When you absolutely need one after a bad call, that starts you on the slippery slope because you're dealing with it with alcohol instead of talking.

Go find a friend, especially someone who was there and talk it out. If you have a CISM/CISD get that going for everyone involved. If you have EAP, go to that. Do something, but talk it over and take the time you need before you go back to work.
There's a balance.

Don't try to forget it because you can't. When you start thinking about the incident again get busy. Fix that cabinet, stop the leaky faucet. Immerse yourself in the life you have with your family.

However, if you find yourself dwelling on it for hours on end, that's no good. Talk to a professional As has been said, if you are dealing with it well, time is the healer. If not, then everyone needs help at one point or another.

I wish you all the best. Appreciate your loved ones each and every day.
I cant count the number of infant deaths I've been to. Usually the kid is sleeping with mom and or others and gets suffocated, people are just stupid.
You did what you could, but it is a part of our lives that we have to realize and come to grips and accept that we can't save everybody. As a matter of fact, we probably get to save a lot fewer than we don't save... it is that kind of a world.

Sometimes it's circumstances, sometimes, the victim doesn't want to be saved.

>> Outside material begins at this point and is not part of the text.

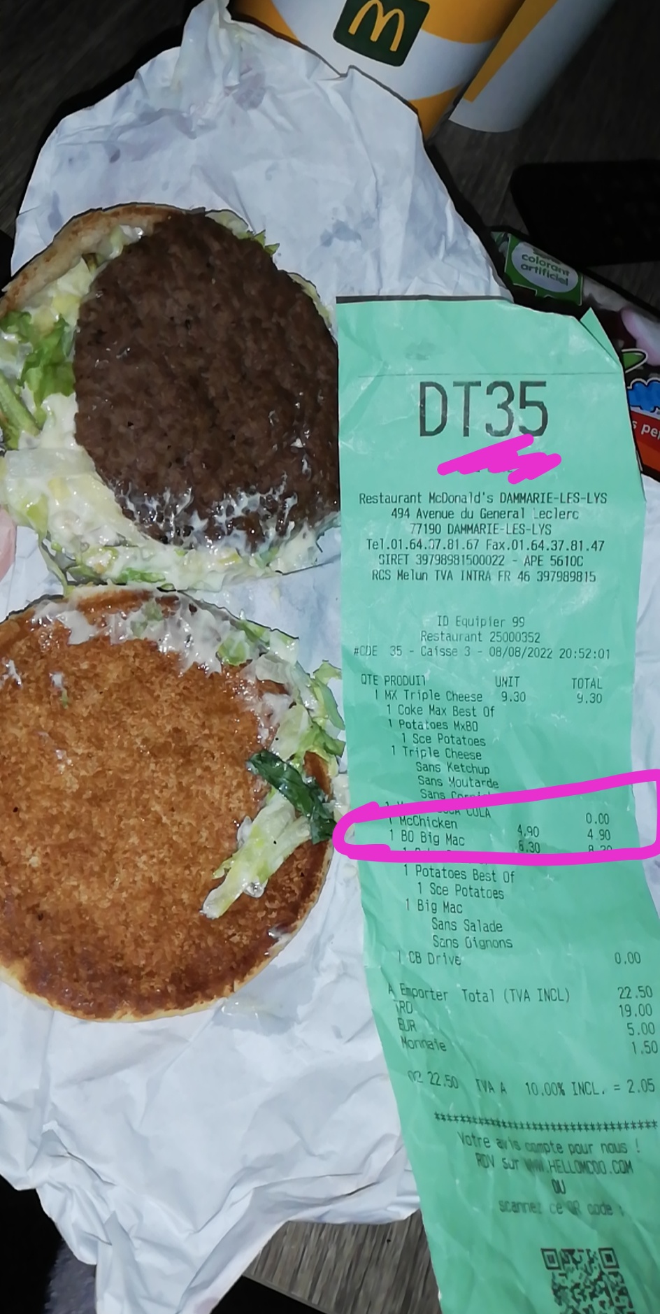 Lundi 26 août, commande à emporter. J’habite à quelques mètres du McDo. Frites froides, pas de glaçons dans mon coca, et surtout j’ai commandé un double cheese et la caissière m’a donné un simple cheese, sans me le préciser bien sûr... Je suis pas content !

Sorry to hear, do whatever you need to do to get past it, and do it fast. Don't let it simmer and stew. I've seen some bad cases where the officer thought avoidance was a good policy. It isn't.
Heavenly Father, I thank you for being a loving God, and for being there for us when the evil and senselessness of our world seem to be overwhelming. I ask that you would help our brother who is suffering today find peace, and strength to continue being the guardian and servant that he has chosen as his profession. I believe that you call some of us to this task, and that when we answer the call, you are there for us, even when we don't realize it. Please watch over all of my brothers and sisters who wear the badge. I ask this in the name of Jesus Christ, amen.
blades....give your baby a hug from all of us. You and anyone else who was there need to check on each other (I hope your supervisors are doing this too.). Talk it out.

This happened here about a year ago...negligence. I resisted the overwhelming urge to have the mother inspect the bottom of the full tub from about 15-20 minutes.